Flume Collect Hive Logs to HDFS

This is article 19 in the Big Data series. Demonstrates how to use Flume to real-time collect Hive runtime logs and write to HDFS with time-based partitioning.

Complete illustrated version: CSDN Original | Juejin

Case Goal

Real-time collect Hive runtime log files to HDFS, path partitioned by date and hour, convenient for subsequent log analysis with Hive SQL:

/flume/20240717/1430/logs-xxxxx

Components used:

Source: exec source, executes tail -F command to real-time track log files
Channel: memory channel, high-performance memory buffer
Sink: HDFS sink, writes to HDFS with time-based partitioning

Configuration File

Create config file /opt/wzk/flume_test/flume-exec-hdfs.conf:

# Agent component declaration
a2.sources = r2
a2.sinks = k2
a2.channels = c2

# Source: real-time track Hive logs
a2.sources.r2.type = exec
a2.sources.r2.command = tail -F /tmp/root/hive.log

# Channel: memory buffer
a2.channels.c2.type = memory
a2.channels.c2.capacity = 10000
a2.channels.c2.transactionCapacity = 500

# Sink: write to HDFS, partitioned by minute
a2.sinks.k2.type = hdfs
a2.sinks.k2.hdfs.path = hdfs://h121.wzk.icu:9000/flume/%Y%m%d/%H%M
a2.sinks.k2.hdfs.filePrefix = logs-
a2.sinks.k2.hdfs.batchSize = 500
a2.sinks.k2.hdfs.rollInterval = 60
a2.sinks.k2.hdfs.rollSize = 134217700
a2.sinks.k2.hdfs.rollCount = 0
a2.sinks.k2.hdfs.minBlockReplicas = 1

# Binding
a2.sources.r2.channels = c2
a2.sinks.k2.channel = c2

Key Parameters Detailed

Time Placeholders in HDFS Path

%Y%m%d/%H%M will be replaced with actual time, e.g., 20240717/1430. Note: Need timestamp field in Event header, or configure TimestampInterceptor on Source.

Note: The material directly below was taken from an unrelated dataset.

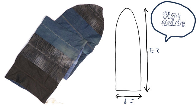 古着ジーンズを解体して、つなぎ縫い合わせたサーフボードケース。
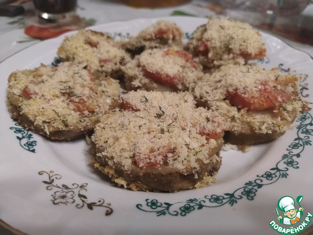 Простая, но эффектная закуска из баклажанов под хрустящей сырной корочкой. Попробуйте!

If don’t want to depend on Event header, can enable local timestamp:

a2.sinks.k2.hdfs.useLocalTimeStamp = true

File Rolling Strategy

HDFS Sink controls when to close current file and open new file via three parameters:

Parameter	Value	Description
`rollInterval`	60	Roll every 60 seconds (0 means no time-based rolling)
`rollSize`	134217700	Roll when file exceeds 128MB (0 means no size-based rolling)
`rollCount`	0	Don’t roll by Event count

Any of the three conditions triggers rolling. This example uses pure time-based rolling.

Replica Count Control

minBlockReplicas = 1 sets minimum replica count for HDFS writes (default follows HDFS cluster config), reduces write wait time in test environment.

batchSize

Number of Events Source takes from Channel and writes to HDFS each time, larger value means higher throughput but also higher memory usage.

Start Collection Task

First confirm Hive log path exists (will be automatically generated after executing an HQL):

ls /tmp/root/hive.log

Start Flume Agent:

$FLUME_HOME/bin/flume-ng agent \
  --name a2 \
  --conf-file /opt/wzk/flume_test/flume-exec-hdfs.conf \
  -Dflume.root.logger=INFO,console

Verify Results

Execute a few SQL statements in Hive to generate logs, then check files on HDFS:

hdfs dfs -ls /flume/
hdfs dfs -ls /flume/20240717/

After rolling period (60 seconds), filename changes from .tmp suffix to official file, indicating write completed:

/flume/20240717/1430/logs-h121.wzk.icu-1721214600000.1721214660000

Use hdfs dfs -cat to view file content, should match Hive logs.